Requirement → Please give back word for word the lines of the material below between the line containing "Cárdigan de punto" and the line containing "整改情況:因我單位離退休干部", inclusive.

Input records →
= Beginning of Section =
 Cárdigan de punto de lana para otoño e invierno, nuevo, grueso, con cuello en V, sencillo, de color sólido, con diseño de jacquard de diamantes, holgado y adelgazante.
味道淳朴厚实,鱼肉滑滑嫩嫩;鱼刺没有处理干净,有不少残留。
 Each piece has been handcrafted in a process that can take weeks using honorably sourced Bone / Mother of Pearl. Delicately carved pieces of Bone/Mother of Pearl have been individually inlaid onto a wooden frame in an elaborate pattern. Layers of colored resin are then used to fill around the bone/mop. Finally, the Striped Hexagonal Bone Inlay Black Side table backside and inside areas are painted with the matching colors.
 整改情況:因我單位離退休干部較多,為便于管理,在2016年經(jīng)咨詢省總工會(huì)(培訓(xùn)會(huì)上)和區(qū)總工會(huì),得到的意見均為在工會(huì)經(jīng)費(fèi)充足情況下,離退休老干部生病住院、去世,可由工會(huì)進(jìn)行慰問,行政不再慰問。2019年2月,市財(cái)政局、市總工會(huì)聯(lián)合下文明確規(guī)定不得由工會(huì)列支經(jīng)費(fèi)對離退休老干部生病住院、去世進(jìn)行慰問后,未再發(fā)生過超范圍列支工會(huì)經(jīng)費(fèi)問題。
= End of Section =
= Beginning of Section =
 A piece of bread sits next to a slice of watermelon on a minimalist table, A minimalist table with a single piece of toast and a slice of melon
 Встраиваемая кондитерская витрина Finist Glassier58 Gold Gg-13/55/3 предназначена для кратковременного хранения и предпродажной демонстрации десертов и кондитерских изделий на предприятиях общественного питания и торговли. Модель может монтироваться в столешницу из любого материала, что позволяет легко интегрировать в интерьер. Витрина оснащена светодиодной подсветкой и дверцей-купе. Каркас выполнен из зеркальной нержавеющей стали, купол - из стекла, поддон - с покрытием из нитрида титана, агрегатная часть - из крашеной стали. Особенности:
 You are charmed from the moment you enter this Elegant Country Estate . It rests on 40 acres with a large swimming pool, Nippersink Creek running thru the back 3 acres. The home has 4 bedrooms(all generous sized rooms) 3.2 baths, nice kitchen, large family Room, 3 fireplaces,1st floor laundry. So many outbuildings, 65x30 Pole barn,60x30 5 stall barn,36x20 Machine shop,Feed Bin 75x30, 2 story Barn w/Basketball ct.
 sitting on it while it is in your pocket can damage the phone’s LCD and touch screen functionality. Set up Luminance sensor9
= End of Section =
= Beginning of Section =
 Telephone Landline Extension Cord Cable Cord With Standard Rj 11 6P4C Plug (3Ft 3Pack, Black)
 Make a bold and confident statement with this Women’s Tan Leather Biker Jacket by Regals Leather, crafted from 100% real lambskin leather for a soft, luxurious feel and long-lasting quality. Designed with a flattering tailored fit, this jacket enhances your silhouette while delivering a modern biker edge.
= End of Section =
Exercise solution →
 Cárdigan de punto de lana para otoño e invierno, nuevo, grueso, con cuello en V, sencillo, de color sólido, con diseño de jacquard de diamantes, holgado y adelgazante.
味道淳朴厚实,鱼肉滑滑嫩嫩;鱼刺没有处理干净,有不少残留。
 Each piece has been handcrafted in a process that can take weeks using honorably sourced Bone / Mother of Pearl. Delicately carved pieces of Bone/Mother of Pearl have been individually inlaid onto a wooden frame in an elaborate pattern. Layers of colored resin are then used to fill around the bone/mop. Finally, the Striped Hexagonal Bone Inlay Black Side table backside and inside areas are painted with the matching colors.
 整改情況:因我單位離退休干部較多,為便于管理,在2016年經(jīng)咨詢省總工會(huì)(培訓(xùn)會(huì)上)和區(qū)總工會(huì),得到的意見均為在工會(huì)經(jīng)費(fèi)充足情況下,離退休老干部生病住院、去世,可由工會(huì)進(jìn)行慰問,行政不再慰問。2019年2月,市財(cái)政局、市總工會(huì)聯(lián)合下文明確規(guī)定不得由工會(huì)列支經(jīng)費(fèi)對離退休老干部生病住院、去世進(jìn)行慰問后,未再發(fā)生過超范圍列支工會(huì)經(jīng)費(fèi)問題。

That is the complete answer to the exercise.